The most organized demand and get discounts for supplies and other payables. Those not largest have to pay more to suppliers

But not all is well with the most specialized and highest paid. There is more to be gained for the largest systems by replacing them as much as possible with NP and PA. NP and PA paid 15% less made less sense, especially in practices already paid least. NP and PA also get better salaries and benefits and can save systems money - by being subspecialized. This is why NP and PA are adding more new specialties with more added to each specialty - with primary care, women's health, mental health falling to lower and lower proportions.

Surgical residents finishing initial training in general surgery, ortho, urology, ENT, ob-gyn face the choice to go on to take one or more fellowships.

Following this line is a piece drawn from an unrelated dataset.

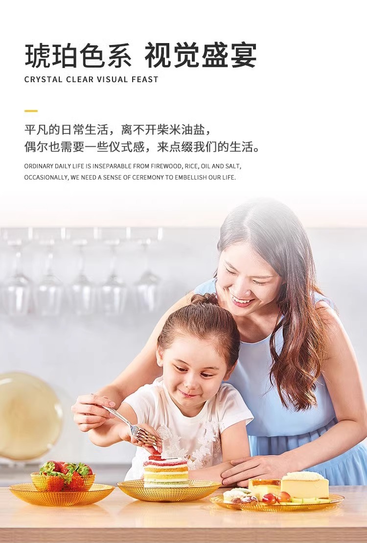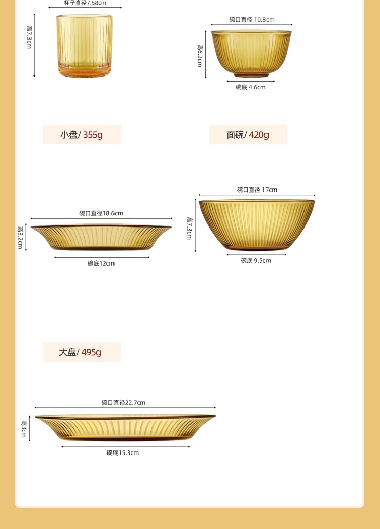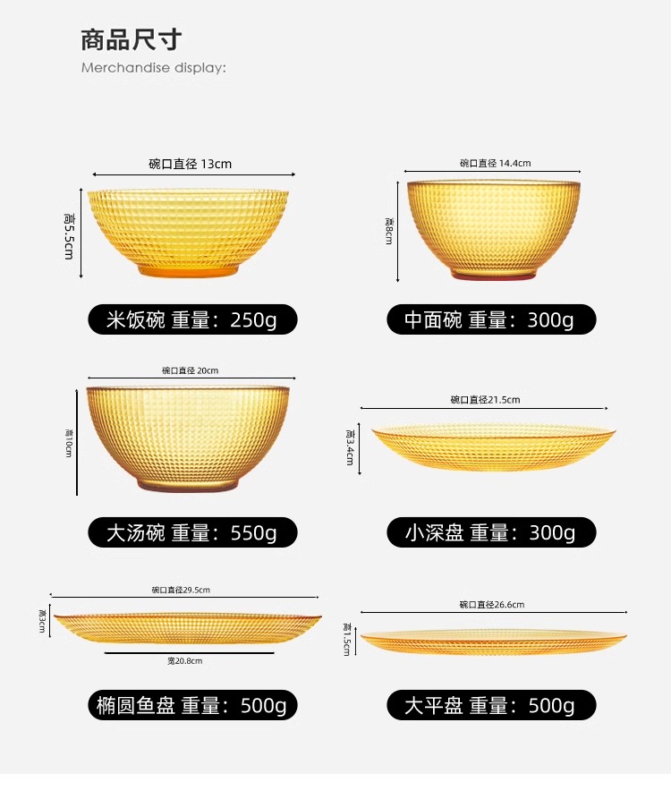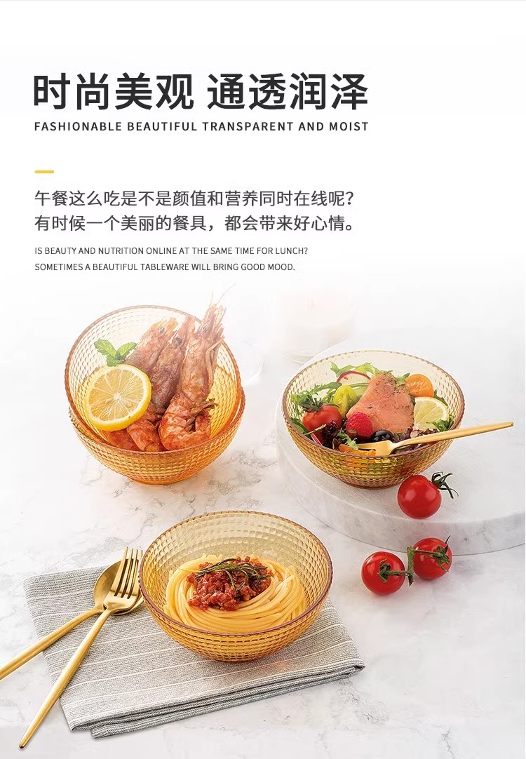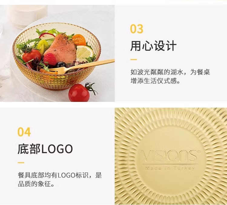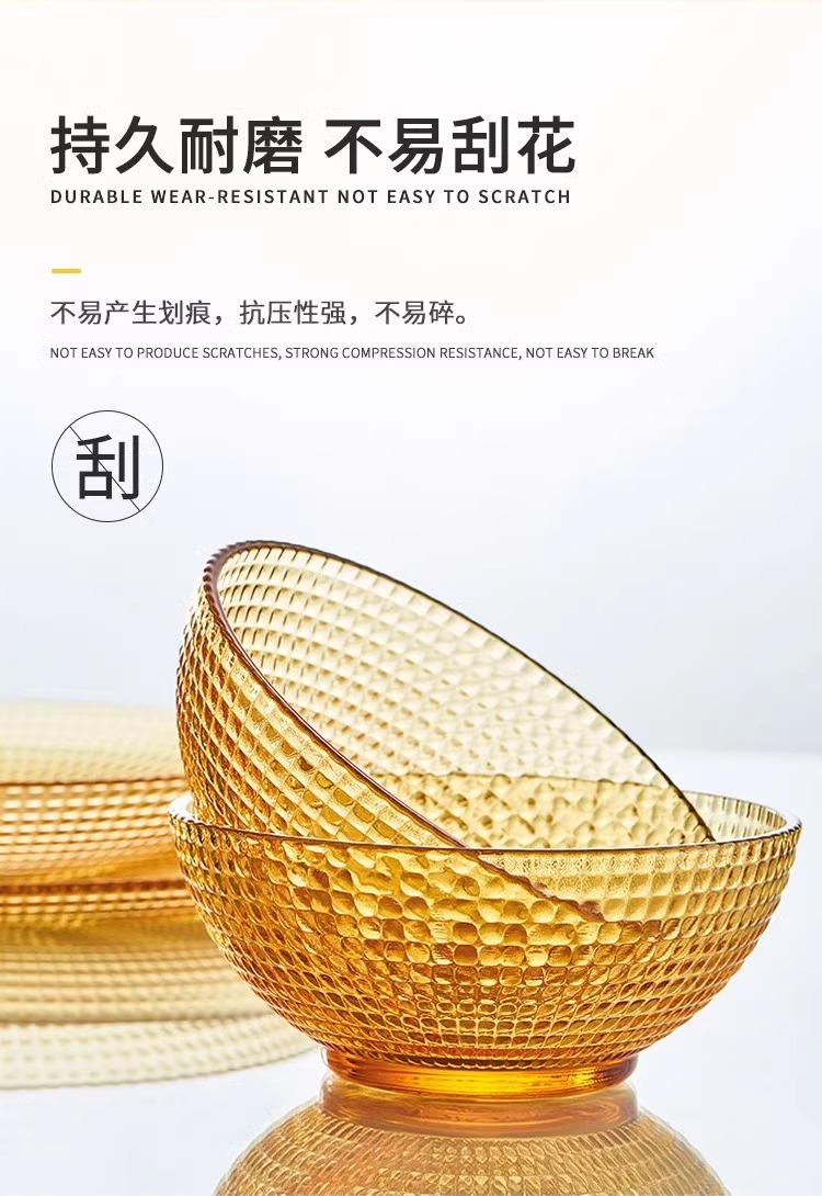 康宁琥珀玻璃餐具套装饭碗面碗汤碗玻璃碗耐高温沙拉碗碟套装家用康宁晶致系列餐具4件组(4浅盘)(4饭碗)

They chose to take a lower salary for a few more years for a very good reason.
  • General surgical specialties are all fading by 2 to 3 percentage points on average each year from 2005 to 2013 for active general specialty workforce in each area in my studies comparing the Masterfile versions for the 2005 and 2013 versions.
  • The oldest general specialists are concentrated in the counties lowest in concentrations - indicating the least replacement.
Note that this decision to take a lower salary for a few years works out well for teaching hospitals that can generate much revenue during their fellowship training. 
 
The financial design is so much more influential with regard to the major decisions made - especially by those focused on dollars.

Those not as focused on the dollars and focused on service - are left behind by the designers at every major change - 1990s, 2010s, etc.

The Republic cost cutting and the Democratic regulatory costs act together to defeat care where most Americans most need care. Even worse, current Republicans are doing the cost cutting and are increasing the regulation - just like 2010 Democrats did cost cutting and costly regulation. Those losing the most are unified by those

Powerless vs Powerful
  • Small hospitals
  • Small practices
  • Workforce in 2621 counties lowest in MD DO NP PA
  • Red Counties
  • 60 Blue Counties rural and with minorities as the majority population
  • Rural health (for 75% of the rural population)
  • Urban health (for 32% of the urban population)
  • Primary care, basic, cognitive, office
Half of Americans, especially those in Red Counties and the 60 Blue rural counties with lowest concentrations, continue to lose the most by design (Medicare, Medicaid, public insurance, Veterans, high deductible, denials, delays, poor treatment of patients by insurers, taking advantage of those with mental health issues...)


Runaway health care costs represent a serious and worsening problem. 


Runaway health care costs are hurting investments that could be made to improve health and other outcomes. The higher costs deplete federal, state, local, employer, and family budgets.



There are many ways that the powerful help shape designs that result in few who do well and most who do less well.